Design of Microarray Experiment, RNA isolation and Affymetrix GeneChip Hybridization

SKOV-3 ovarian cancer cells were treated with 1μM SAHA or vehicle (0.01% DMSO) for 6 or 24 hours, harvested and processed for RNA isolation. Data for both time-points for SAHA and vehicle-treated cells were obtained in duplicate. Total RNA was isolated using the Qiagen RNeasy Kit (Qiagen, Valencia, CA) according to manufacturer’s instructions. cDNA synthesis and hybridization on oligonucleotide microarrays (U133 Plus 2.0 Array GeneChip, Affymetrix, Inc., Santa Clara, CA) containing approximately 54,700 transcripts were carried out using standard protocols. Microarray experiments were performed at the Dana Farber Cancer Institute Microarray facility.
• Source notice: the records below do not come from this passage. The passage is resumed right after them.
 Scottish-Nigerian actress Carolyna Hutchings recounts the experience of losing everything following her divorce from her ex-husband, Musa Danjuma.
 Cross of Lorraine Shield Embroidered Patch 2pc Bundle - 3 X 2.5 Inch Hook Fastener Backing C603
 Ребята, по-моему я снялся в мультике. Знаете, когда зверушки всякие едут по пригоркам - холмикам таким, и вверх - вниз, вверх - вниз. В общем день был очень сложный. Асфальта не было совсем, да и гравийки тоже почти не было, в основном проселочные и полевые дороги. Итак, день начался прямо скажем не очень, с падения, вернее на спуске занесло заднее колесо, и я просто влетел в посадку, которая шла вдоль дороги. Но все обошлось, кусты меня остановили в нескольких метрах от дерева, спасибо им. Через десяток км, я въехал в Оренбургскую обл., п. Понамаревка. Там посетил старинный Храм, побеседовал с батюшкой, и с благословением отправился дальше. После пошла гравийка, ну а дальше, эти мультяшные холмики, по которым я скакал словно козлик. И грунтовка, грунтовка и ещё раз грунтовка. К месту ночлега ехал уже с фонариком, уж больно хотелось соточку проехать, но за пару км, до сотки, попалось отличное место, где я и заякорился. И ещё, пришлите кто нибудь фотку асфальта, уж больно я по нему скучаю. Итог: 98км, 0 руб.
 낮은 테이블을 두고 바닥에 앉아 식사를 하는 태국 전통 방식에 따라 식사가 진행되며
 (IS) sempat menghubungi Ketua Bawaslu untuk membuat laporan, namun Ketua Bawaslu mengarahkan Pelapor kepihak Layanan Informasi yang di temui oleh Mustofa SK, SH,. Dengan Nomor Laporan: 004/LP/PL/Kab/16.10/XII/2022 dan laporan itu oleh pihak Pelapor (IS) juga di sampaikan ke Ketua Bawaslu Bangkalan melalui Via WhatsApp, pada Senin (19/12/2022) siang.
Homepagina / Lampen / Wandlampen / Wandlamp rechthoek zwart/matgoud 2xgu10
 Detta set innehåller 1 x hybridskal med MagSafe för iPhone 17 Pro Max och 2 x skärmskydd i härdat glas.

Bioinformatic Analysis and Statistics

Raw gene expression data (Affymetrix .CEL files) were imported in BRB-ArrayTools Version: 4.2.0 - Beta_2 (Biometrics Research Branch, National Cancer Institute) and were processed using Robust Multi-Array (RMA) analysis. In order to assess whether the gene expression profiles of vehicle and SAHA treated SKOV-3 cells were enriched for specific pathways or functional groups of genes, we performed gene set analysis (GSA) as described by Efron and Tibshirani [28]. GSA is an evolution of the previously reported Gene Set Enrichment Analysis (GSEA) and was performed using the Gene Set Analysis Tool of the Biometric Research Branch (BRB) Array Tools software. Gene Ontology assignments, Biocarta and KEGG pathways, and annotated gene sets from The Broad Institute Molecular Signatures Database (MSigDB) were analyzed. The Efron-Tibshirani “maxmean” test was applied to identify gene sets at a GSA P<0.05 significance level. Comparison of individual genes between SAHA and vehicle treated cells was performed using the Class Comparison Between Groups of Arrays Tool of BRB-ArrayTools. Parametric t-Test p values and false discovery rate (FRD) values were reported for each gene. Apart from the microarray experiments, statistical values shown represented mean + SE of at least 3 independent experiments with * p < 0.05. MIAME-compliant microarray data is publically available at the GEO repository (series entry GSE53603, http://www.ncbi.nlm.nih.gov/geo/query/acc.cgi?acc=GSE53603).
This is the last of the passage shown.